What is needed is an exact copy of the data below, pictures excluded.
Top of Data extract
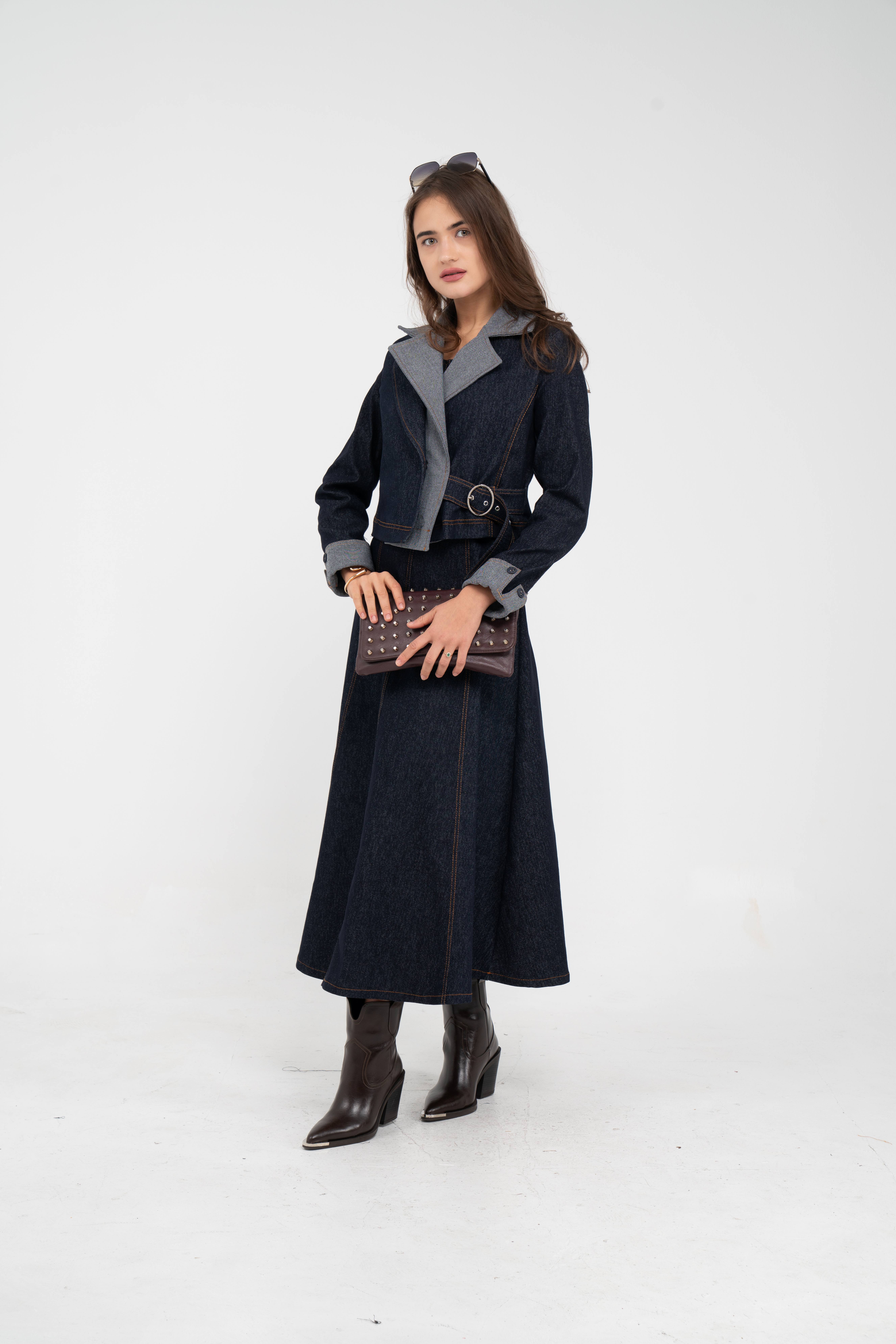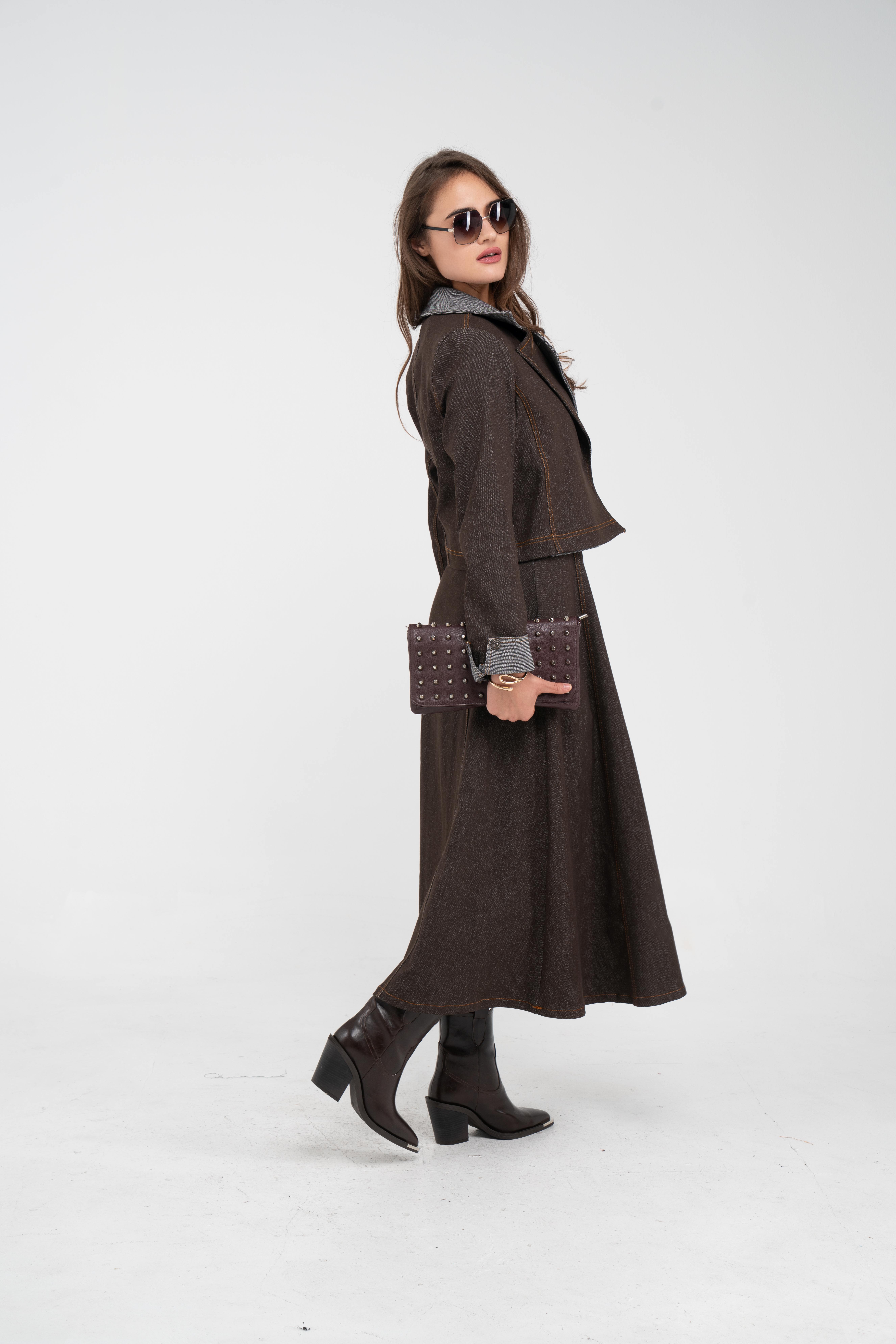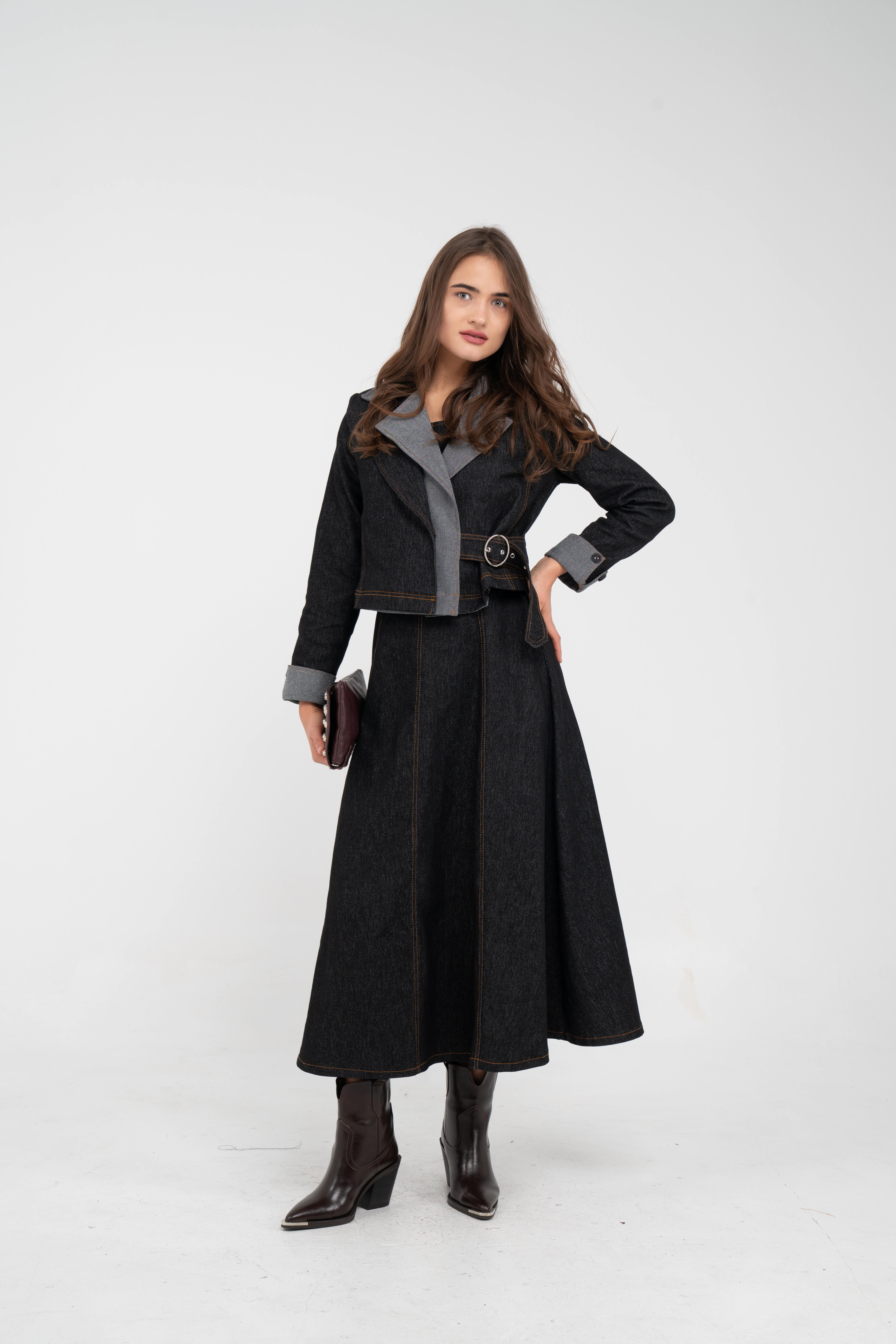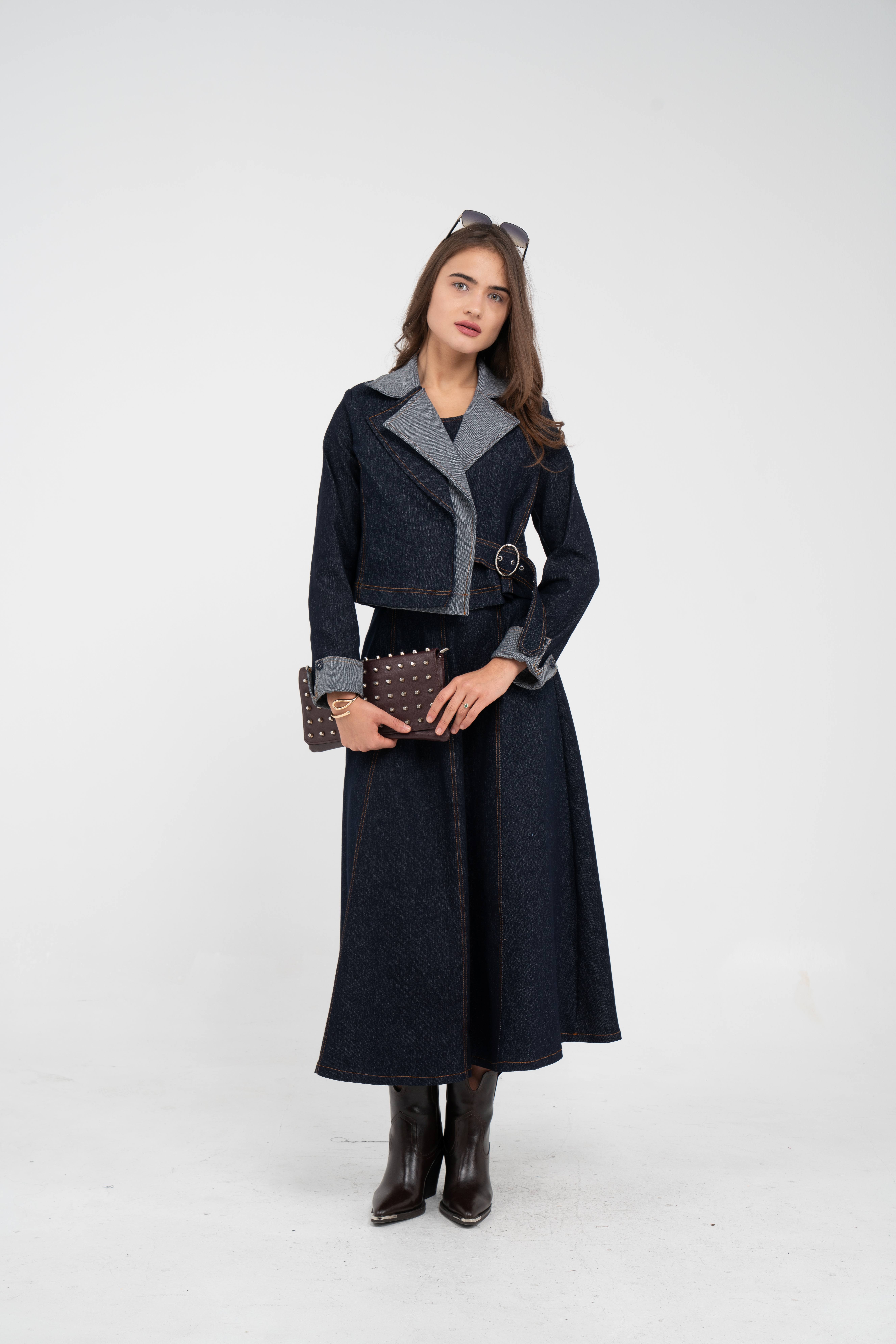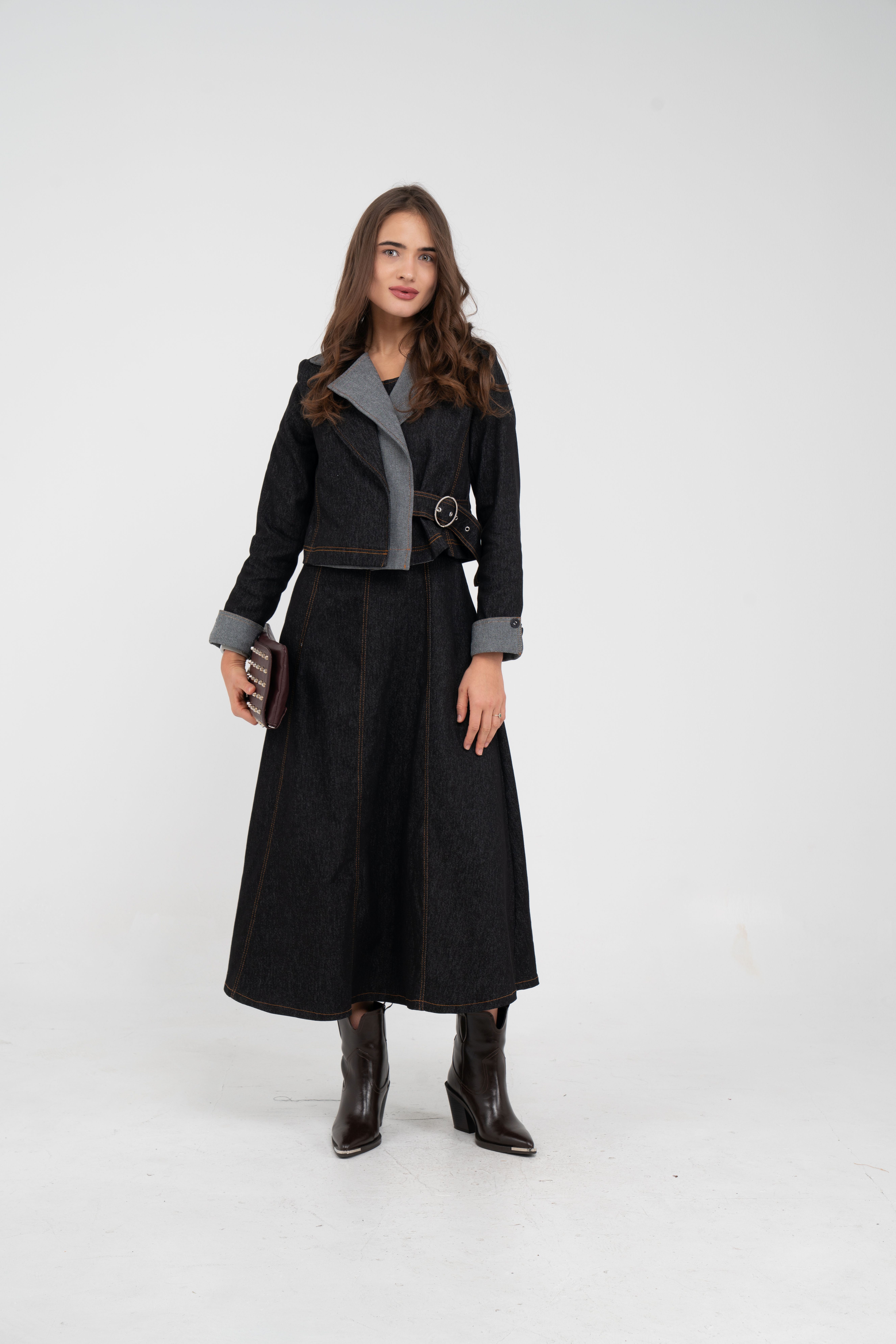 Alt parça ise akıcı kesime sahip uzun elbisesiyle rahat ve şık bir görünüm oluşturur. Kumaşın dokusu, formu düzgün bir şekilde koruyarak hem günlük kullanıma hem de özel gün stiline uyum sağlar. Topuklu botlar ve minimal aksesuarlarla tamamlandığında sofistike bir tarz ortaya çıkar.
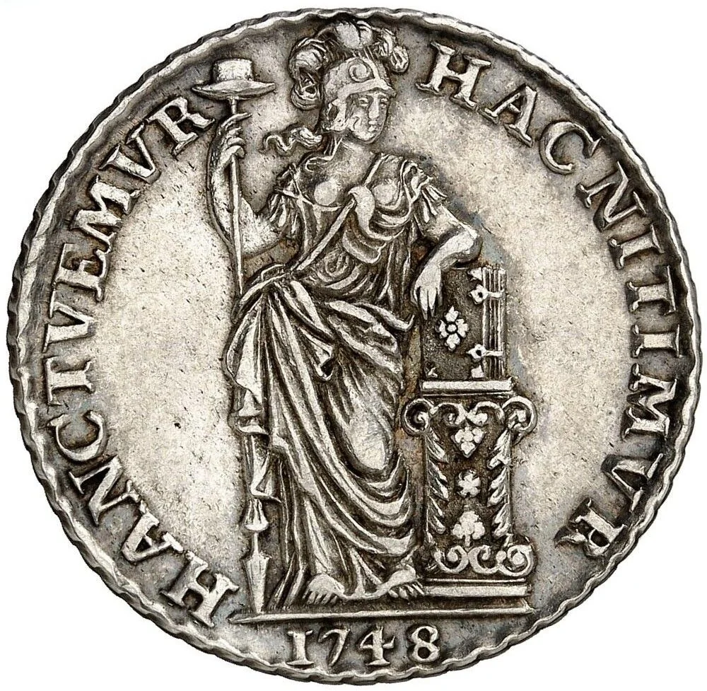 Female figure leaning on a bible on a column, holding a spear and cap. Date in exergue.
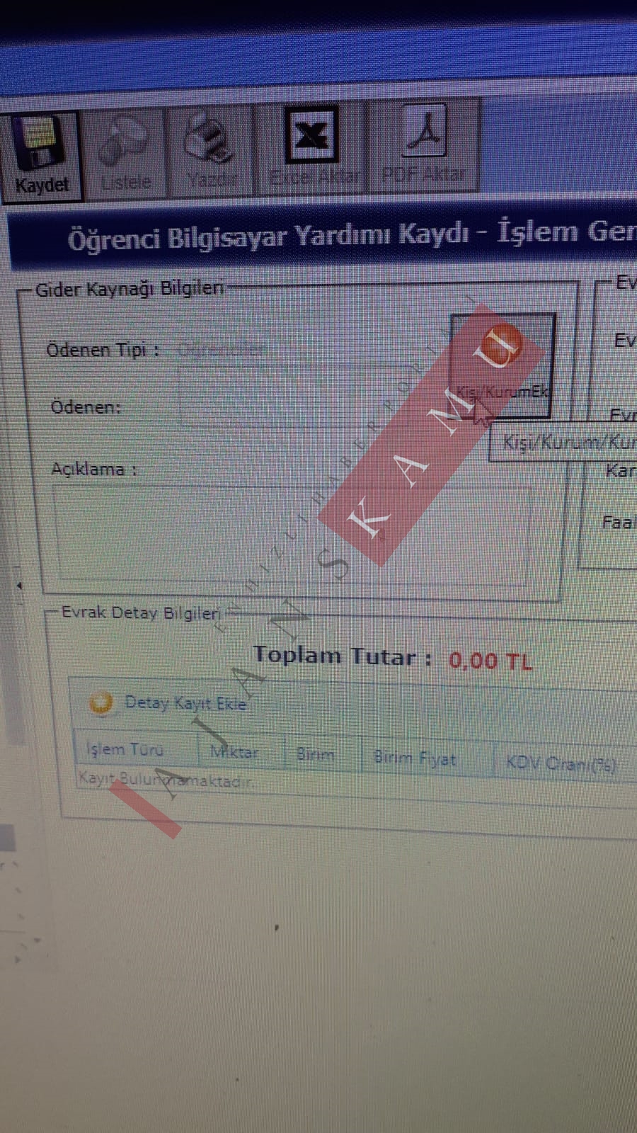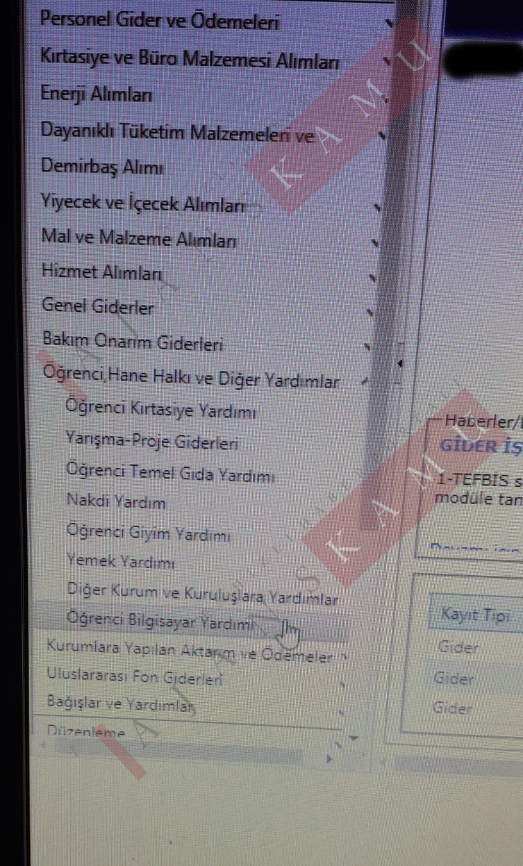 Tabletler TEFBİS sisitemine giriş yaptıktan - gider işlemleri-öğrenci hane halkı yardımlar-bilgisayar yardımı ekranında görülebilmektedir.
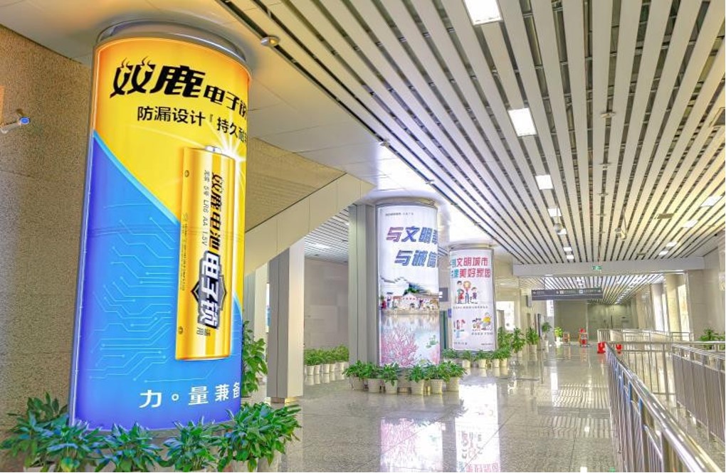 寧波高鐵南廣場到達(dá)層南廣場通道圓柱燈箱廣告
Bottom of Data extract
--- Response to the task ---
 Alt parça ise akıcı kesime sahip uzun elbisesiyle rahat ve şık bir görünüm oluşturur. Kumaşın dokusu, formu düzgün bir şekilde koruyarak hem günlük kullanıma hem de özel gün stiline uyum sağlar. Topuklu botlar ve minimal aksesuarlarla tamamlandığında sofistike bir tarz ortaya çıkar.
 Female figure leaning on a bible on a column, holding a spear and cap. Date in exergue.
 Tabletler TEFBİS sisitemine giriş yaptıktan - gider işlemleri-öğrenci hane halkı yardımlar-bilgisayar yardımı ekranında görülebilmektedir.
 寧波高鐵南廣場到達(dá)層南廣場通道圓柱燈箱廣告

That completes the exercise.